Bug #512
closed
MYBPC3-Q850X call is wrong, no Q at this position on UCSC browser
Description
This came up because Heidi pointed out this should cause hypertrophic cardiomyopathy. Looking at the position chr11:47315573 in there's no "Q" at this position.
Is trait-o-matic outright wrong here? Is there a second splice variant that is synonymous (as the UCSC annotation would predict) that isn't showing up?
If the latter, this would support somehow linking/contextualizing all the splice variants trait-o-matic predicts. If the former, we should be concerned that there are errors elsewhere.
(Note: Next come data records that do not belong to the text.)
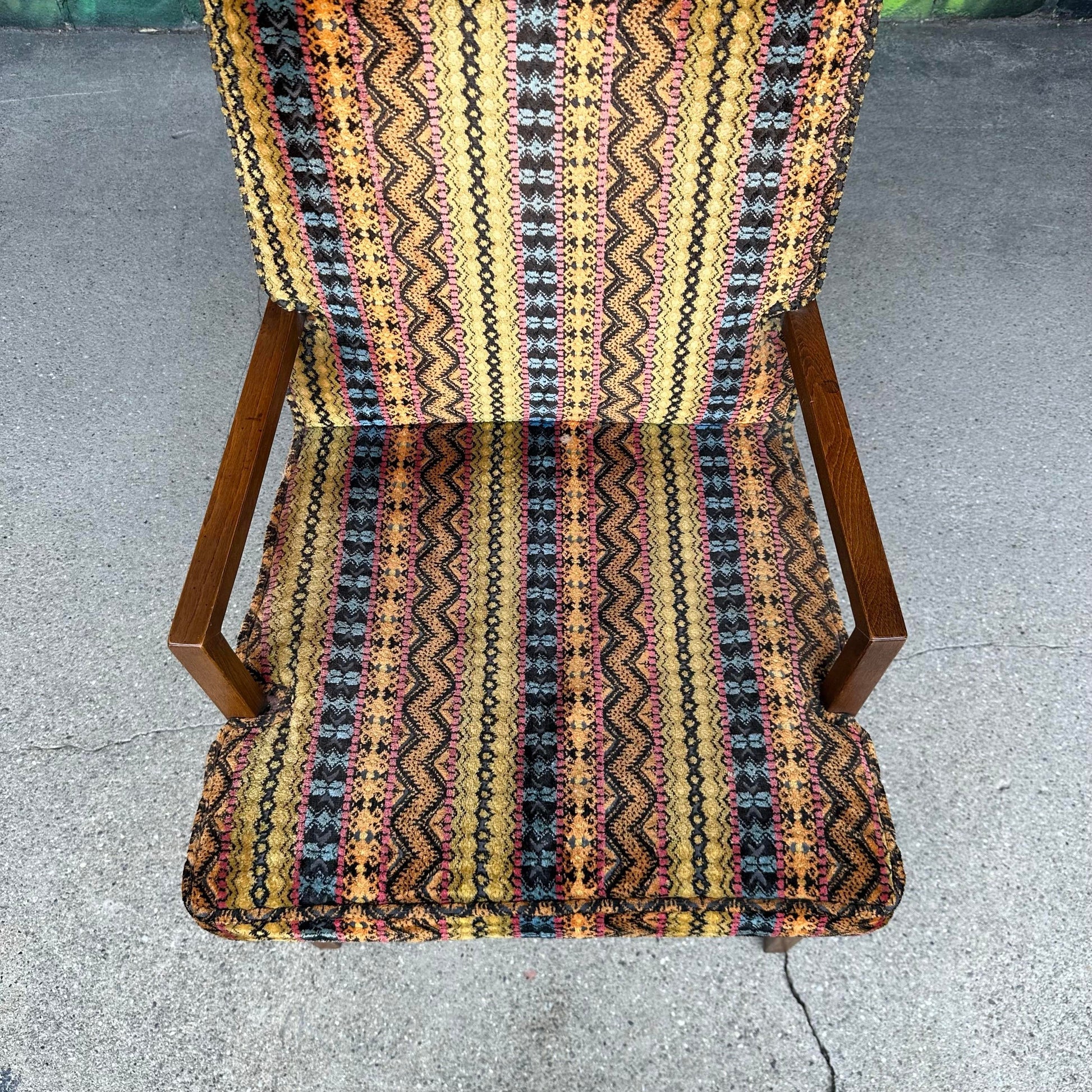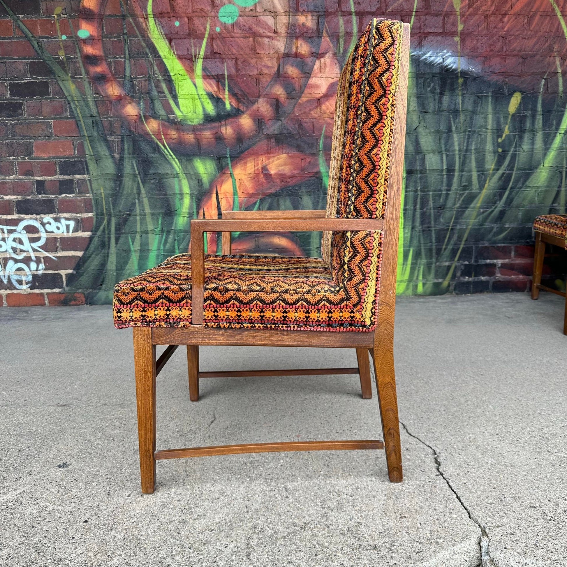 Mid century modern Set of 6 Walnut Founders Dining Chairs. This stunning set is covered in a velvet geometrical design. The chairs have a walnut wood base and tall back design. There are two armchairs and 4 side chairs. The chairs are marked Founders furniture. The dimensions in the listing is the armchair/captain chair.
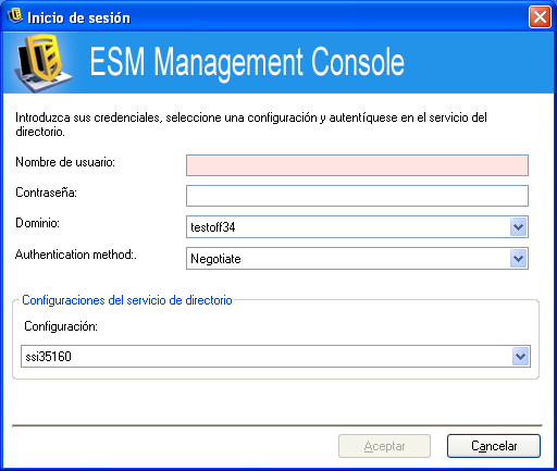 Para entrar en la consola, introduzca el nombre y la contraseña del administrador. Antes de poder introducir el nombre de usuario y la contraseña, debe estar conectado al dominio del servicio de directorio (consulte Sección 7.2.1, Adición de servicios de eDirectory). El nombre de usuario debe hacer referencia a un usuario que se encuentre en el dominio del Servicio de gestión.
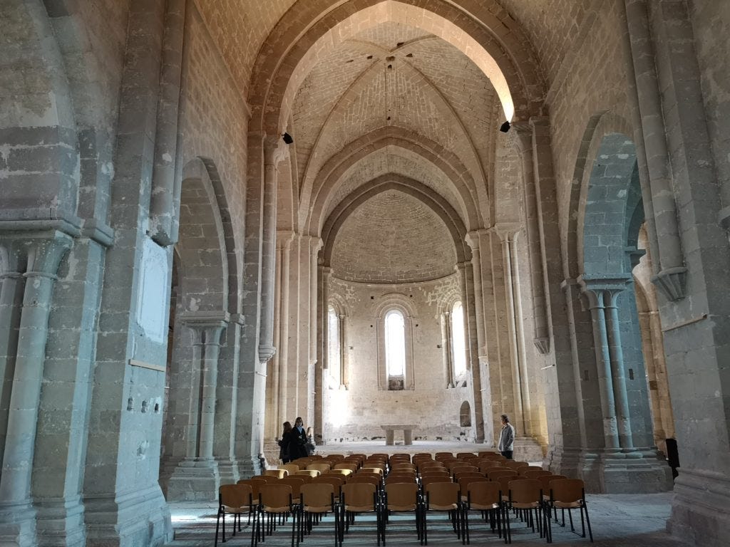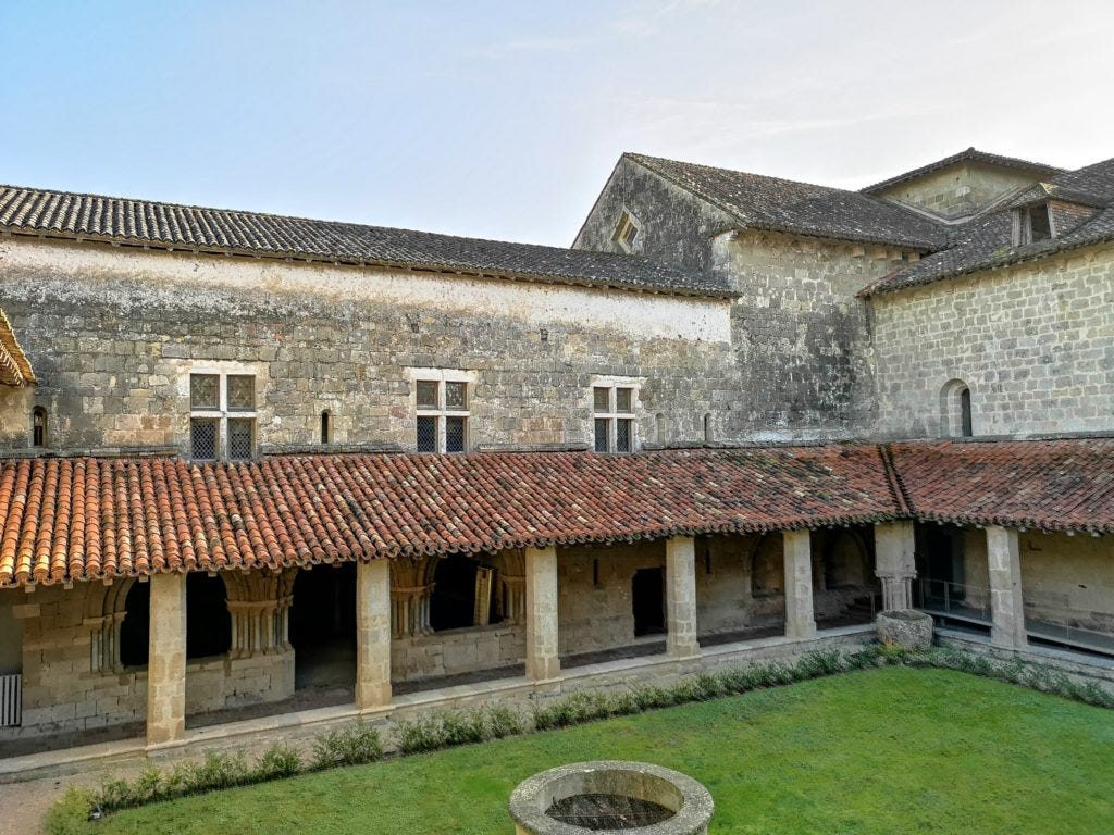 The next morning, after a generous breakfast buffet that offered cereal, yogurt, cheese, and charcuterie (in addition to the typical French standards of bread-bread-bread-croissant), we set out on a hike. The main attraction in the region is the Flaran Abbey. It's a 12th-century Cistercian monastery that looks remarkably well-preserved. In fact, according to a poster inside, it seems that the monastery fell into private hands last century, and the son of the owner attempted to torch it as part of an insurance scam. After a public debate, the Gers Department bought it and restored it in the 1970s.

Updated by Madeleine Ball almost 16 years ago
The following variant: http://evidence.personalgenomes.org/XPC-L591Q is also possibly mislabeled -- this is an example where the reference has a 1000 genomes freq of 0%, but dbSNP calls it a silent mutation, contrary to what we have reported.
Updated by Ward Vandewege about 15 years ago
- Project changed from 19 to GET-Evidence
- Category deleted (
GET-Evidence)
Updated by Madeleine Ball about 15 years ago
- Status changed from New to Closed
Although I haven't tested this specific MYBPC3 example, the presence of incorrect amino acid interpretations (inconsistent with UCSC's amino acid annotations) has largely been fixed by two changes. I've checked and confirmed that the XPC SNP Jason noted is now correctly interpreted as not causing an amino acid change.
(1) The "sanity checking" assert statements added in lines 251-262 of b4141303
Some transcripts in refFlat had position errors (e.g. where an exon ends) in a way that caused a frameshift in all amino acids downstream. These frameshifts are almost certain to contain a premature stop codon, so checking for the presence of these is a good sanity check.
(2) The usage of UCSC's knownGene annotations and canonical transcripts (61df892e)
Sometimes alternative transcripts resulted in calls made for regions that were exons only in that particular transcript (e.g. a frameshift in an exon generally never used).